The supply stated U.S. officers would possibly declare “plausible deniability” for alarming assaults within the joint marketing campaign. But it’s laborious to restrict reputational injury in a conflict wherein the 2 nations are clearly intertwined.
John Ramming Chappell, CIVIC’s advocacy and authorized adviser, famous that the U.S. authorities itself acknowledged Israel had possible damaged worldwide regulation in Gaza, although former President Joe Biden nonetheless declined to restrict American navy assist for its conflict there.
“Now the United States has decided that it is going to embark on a joint aerial bombing campaign with Israel. It boggles the mind that that is the lesson the U.S. has taken from Gaza,” Chappell stated.
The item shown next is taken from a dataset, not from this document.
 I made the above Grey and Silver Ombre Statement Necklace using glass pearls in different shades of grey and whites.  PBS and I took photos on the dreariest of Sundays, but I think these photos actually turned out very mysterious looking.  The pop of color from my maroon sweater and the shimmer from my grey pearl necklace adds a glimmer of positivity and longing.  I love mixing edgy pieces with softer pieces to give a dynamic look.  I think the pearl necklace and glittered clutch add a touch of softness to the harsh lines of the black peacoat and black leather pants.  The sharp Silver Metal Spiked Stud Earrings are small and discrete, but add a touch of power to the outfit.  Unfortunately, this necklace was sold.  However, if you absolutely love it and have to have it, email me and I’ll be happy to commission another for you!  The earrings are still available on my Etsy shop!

Within Israel’s navy, “We haven’t seen anywhere near the scale of accountability that one would hope for in light of the scale of violations in Gaza.”
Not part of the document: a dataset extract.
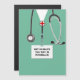 Tarjeta de regalo creativa de la escuela de enfermería con exfoliaciones hospitalarias y estetoscopio. Para personalizar el texto de edición para agregar el nombre de la enfermera o de la escuela de enfermería para crear una felicitación por graduación, un deseo de cumpleaños o una tarjeta de apreciación de la enfermera.

Fatemeh Bahrami/Anadolu through Getty Images
Meanwhile, the Trump administration itself has repeatedly challenged the concept of U.S. or worldwide regulation limiting its actions internationally ― and averted penalties for that disregard.
In a assertion after Hegseth’s remarks, Human Rights Watch stated the secretary “has deliberately and systematically weakened the protections meant to ensure compliance with the laws of armed conflict.”
The administration has minimize obligatory trainings for troopers on the legal guidelines of conflict; changed the decide advocate generals of the Navy, Air Force and Army; embraced weapons that always kill and maim civilians like cluster munitions and landmines; and, as HuffPost revealed final 12 months, spurred an exodus of profession State Department officers who are supposed to guarantee U.S. compliance with worldwide regulation, with these remaining fearful about providing frank recommendation.
Amid his new conflict, Trump is continuous to launch strikes in opposition to accused drug smugglers within the waters round South America, in a monthslong marketing campaign that has killed at the least 150 folks, at the same time as lawmakers and watchdogs have famous the targets hardly ever pose any risk and a few have even been shipwrecked.
“The administration has managed to manufacture a scaffolding of faux legality for what is really a campaign of mass murder at sea,” Chappell stated. “The fact that we have not seen a significant break from that policy is a very bad sign for the status of the rule of law in the U.S. military and the United States more broadly.”
In one other signal of concern about procedures within the navy, greater than 100 service members have filed complaints saying commanders have inappropriately used spiritual ideology in justifying the Iran conflict, in some situations referencing a Biblical imaginative and prescient of a river of blood.